RP: He knows this is as good as it’s going to get.

JM: It strikes me that something similar is going on with the characters in Lush Life. Eric Cash, the manager of the Café Berkmann who still thinks of himself as a screenwriter, is so lost in the here-and-now-ness of the neighborhood that he can’t even sit through a movie or read a book. And Matty Clark, the detective who sees Eric as the prime suspect in the homicide investigation, is similarly caught up in the ad hoc demands of his police work, spending every night of his “aging gerbil on a training wheel existence”: “waiting on that sea of malice and mayhem out there to set [his] chest pocket to trembling.” In some way, each of them has come to the dead end of the story he’s been telling himself about himself. In Eric’s case particularly, the fragility and falsity of his own story about himself, which he’s already suspecting, is completely revealed by the interrogation he endures.

RP: Yeah.

JM: The same thing happens in a much more tragic way to Billy Marcus, the father of the murder victim. His story is just yanked away from him, and he’s got to invent a new one, but he is in no shape to do it. All of which brought me back to The Wanderers and Bloodbrothers. In the latter, Stony De Coco is a guy who wants to get out of the neighborhood he’s in, out of the grip of family constraints, and he can’t quite figure out how to do it, how to connect all the dots of his life into a new picture of himself. In The Wanderers, Eugene is not as conscious of the dilemma as Stony is, but you get the same sense about him: his future depends on discovering he has a future, and imagining a life beyond the confines of the story he is so intimately familiar with, and dependent upon. To me, it’s an issue that you deal with strikingly in all your books, but in Lush Life you do it with more than one character.

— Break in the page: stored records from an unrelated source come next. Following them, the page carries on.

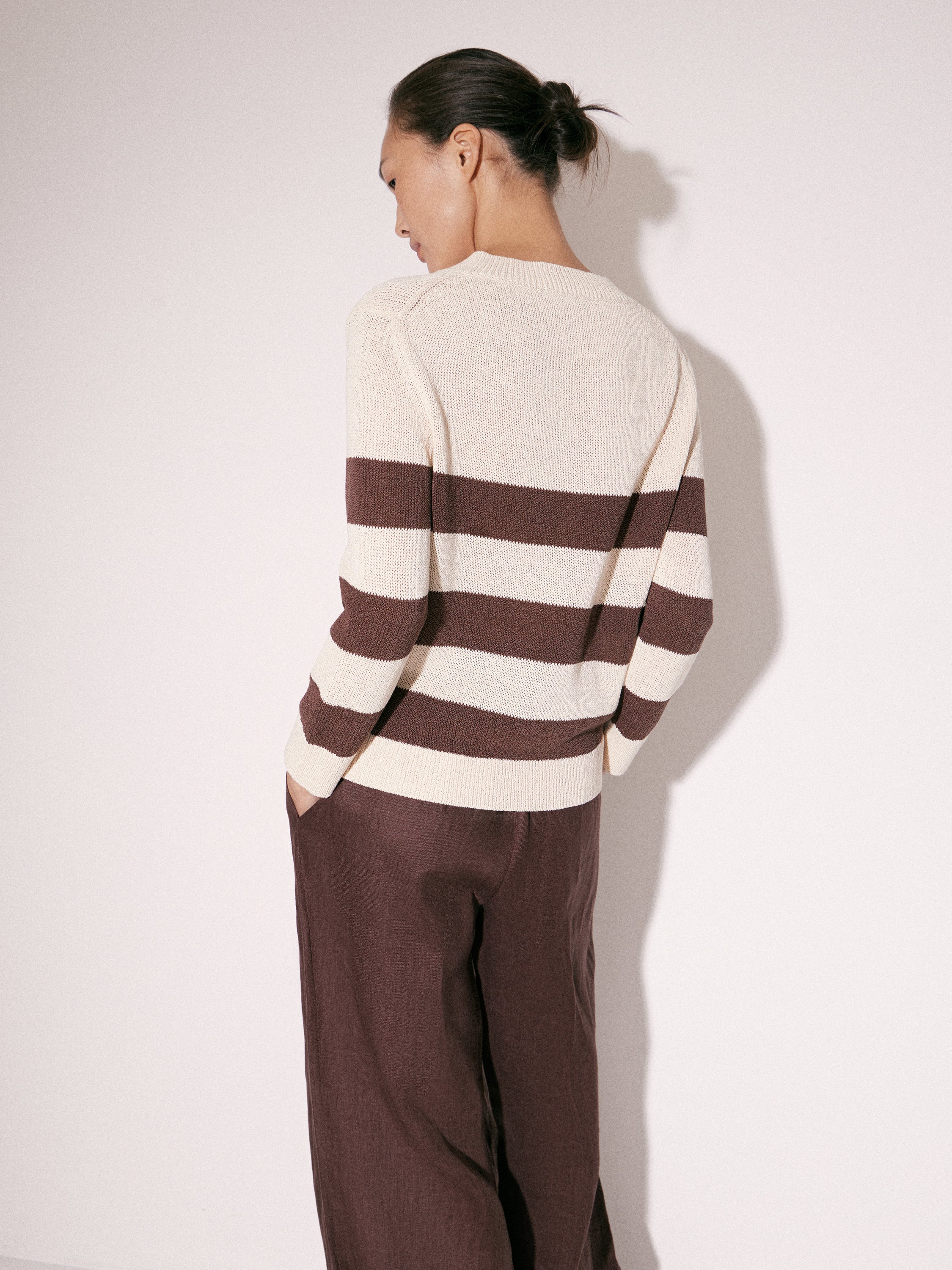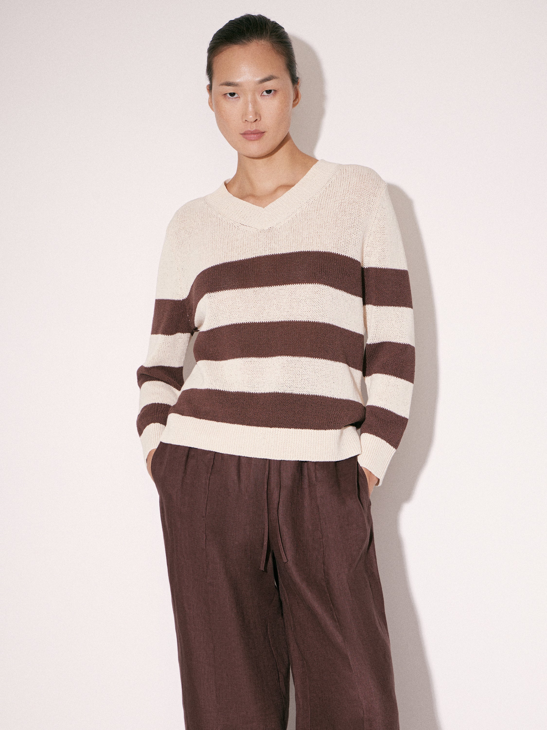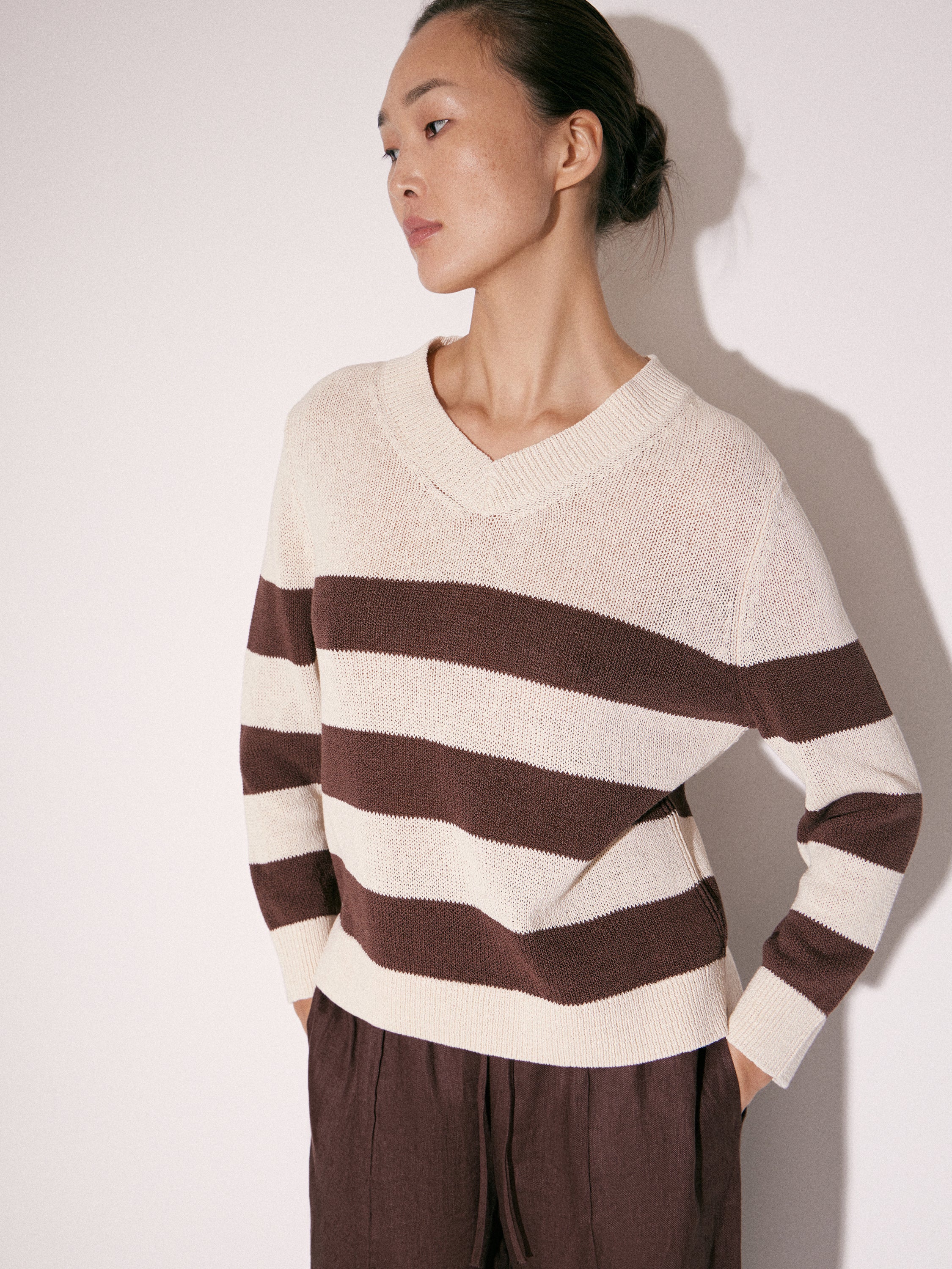 This knitted sweater comes in a soft milk-beige shade with contrasting horizontal stripes in a rich brown tone. Crafted from a cotton-blend knit with a smooth, even texture, it feels soft and comfortable for everyday wear. The silhouette is relaxed, with an easy fit and a subtly dropped shoulder line that adds to its effortless feel. A V-neckline is finished in a denser knit for a clean, structured look, while the cuffs and hem are also neatly defined without feeling tight. The striped pattern adds a graphic touch and gives the piece a modern rhythm. Easy to style with tailored trousers, denim, or skirts, it fits naturally into an everyday wardrobe.
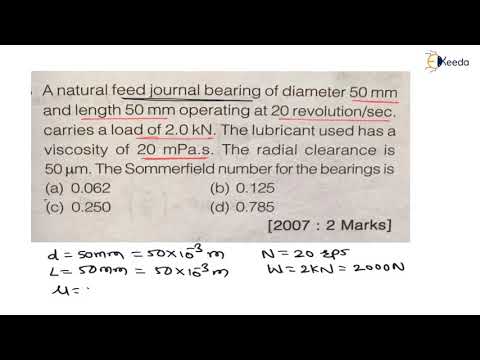 | Numerical 15: Sommerfield Number | Design of shafts; keys and Bearings | GATE Machine Design 05:09 min |  |
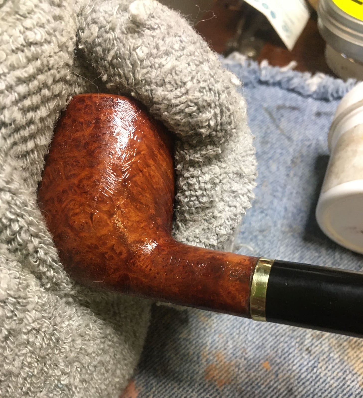 The final step was to take the pipe to the buffer where it received several coats of carnauba wax. After the wax was applied and buffed I hand buffed the pipe with a nanofiber polishing cloth in an attempt to improve on the already exquisite shine.
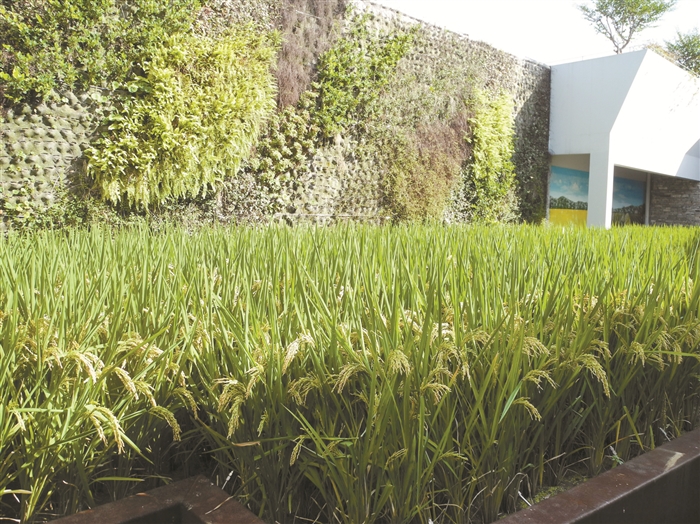 日前,记者来到宁波滕头案例馆,惊奇地发现种在二楼的创意单季稻被沉甸甸的稻穗压弯了腰,丰收已成定局。这一美景让前来观赏的游客着了迷。
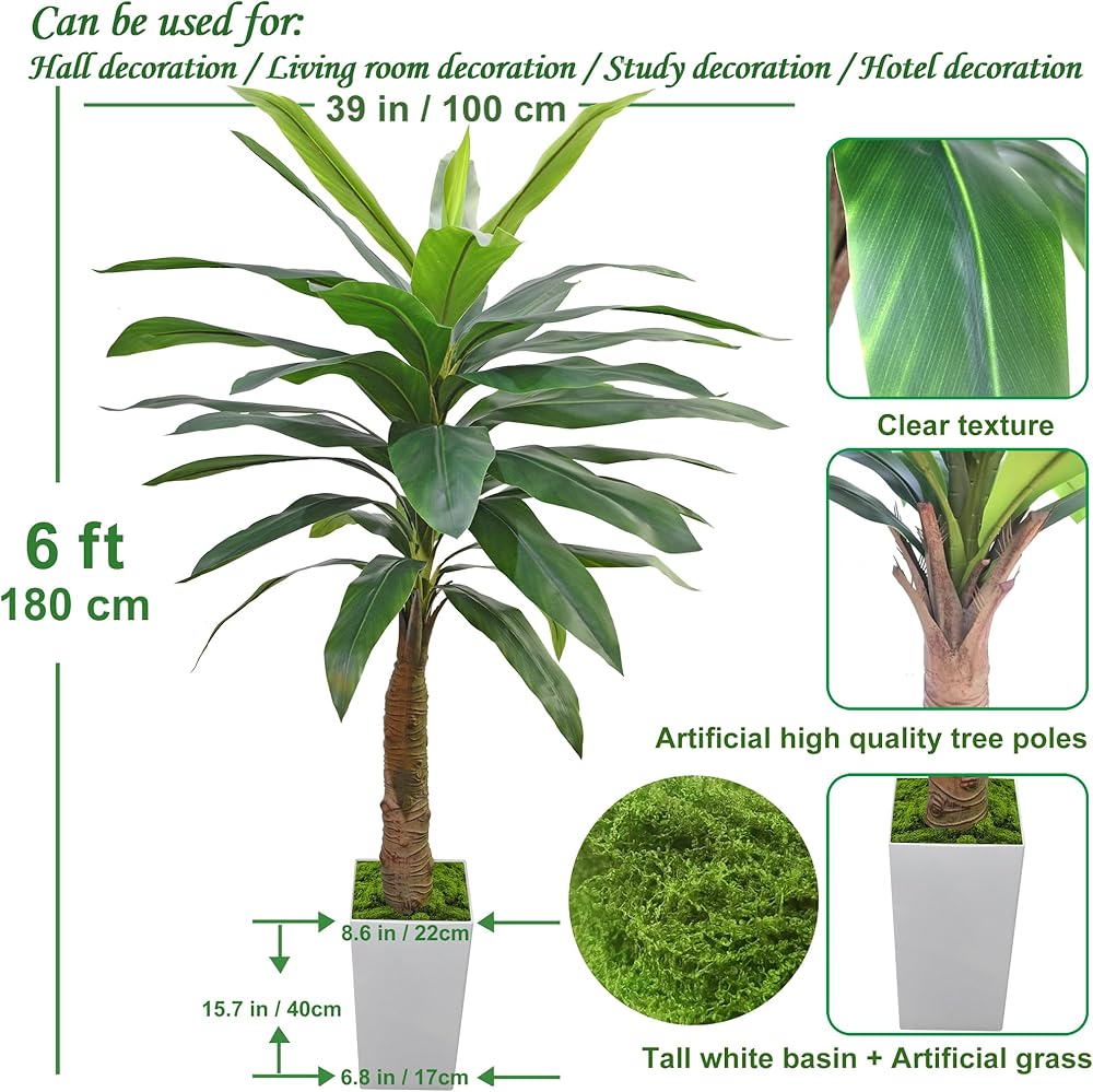 【 المظهر: يمكن للنباتات الاصطناعية في الأماكن المغلقة التي يبلغ ارتفاعها ستة أقدام أن تضيف إحساسًا معينًا بالأبعاد الثلاثة والطبقات إلى كل من المساحات الداخلية والخارجية، مما يجذب انتباه الناس، وملمس ولون الأوراق مشابه لتلك الموجودة في شجرة ألبينيا زيرومبيت الحقيقية. ، كما أن ملمس الفروع واقعي للغاية، مما يجعل من الصعب التمييز بين الحقيقي والمزيف

RP: Mmm-hmm. I never thought about it before. Basically, the challenge is to move on. For Matty, he’s gone as far as he can go at a certain age by being a free agent. It’s about death at this point; nothing is changing except your age. He’s stuck, and now he’s even getting his kid kicked back to him. Going backwards. But it may be his way out of the trap of himself, too. Who knows?

With Eric the whole point is that the neighborhood, the Lower East Side, is not a neighborhood of realization, it’s a neighborhood of promise. Not to generalize, but for most of the people down there, it’s about the future. It’s about what’s going to be — about living forever because we’re young, and we can shoot for anything, and why not? It’s not about, “Yes, now we’ve made it, now we’re captains of industry, now we’re Pulitzer Prize winners” or something like that. It’s all about what hasn’t happened yet. Eric was like that, but now at 35, he’s lost that faith in the future. I mean, how long can you be a bartender or hand out menus, believing it to be a means to an end? At what point do you realize it is the end? At what point does a waitress-performance artist become just a waitress? Eric is hanging on by his fingernails, and the murder is the thing that pushes him over the edge into the next thing, whatever the next thing will be. This neighborhood is over for him. He’s got to figure out something more realistic.

Billy Marcus, I just left him. He’s got this vast void in front of him. I didn’t really move him towards resolving it. I just had his son’s murder push him off the diving board, but I don’t know if there’s any water in the pool. He probably will never get over it.

For all of them, in a way, it’s like they’ve outstayed their welcome in the fantasies they have in their heads about what their lives are like. They’ve got to go to the next something.

JM: The way you portray their situations is both real and moving. As readers, we’re chasing the elements of the thriller — racing to discover what really happened — but we’re also attuned to the magnanimity of your conception of the characters, despite the bleakness of the circumstances. There’s an embrace of the larger humanity of these people that you don’t often get in this kind of story. It’s interesting that it works so well.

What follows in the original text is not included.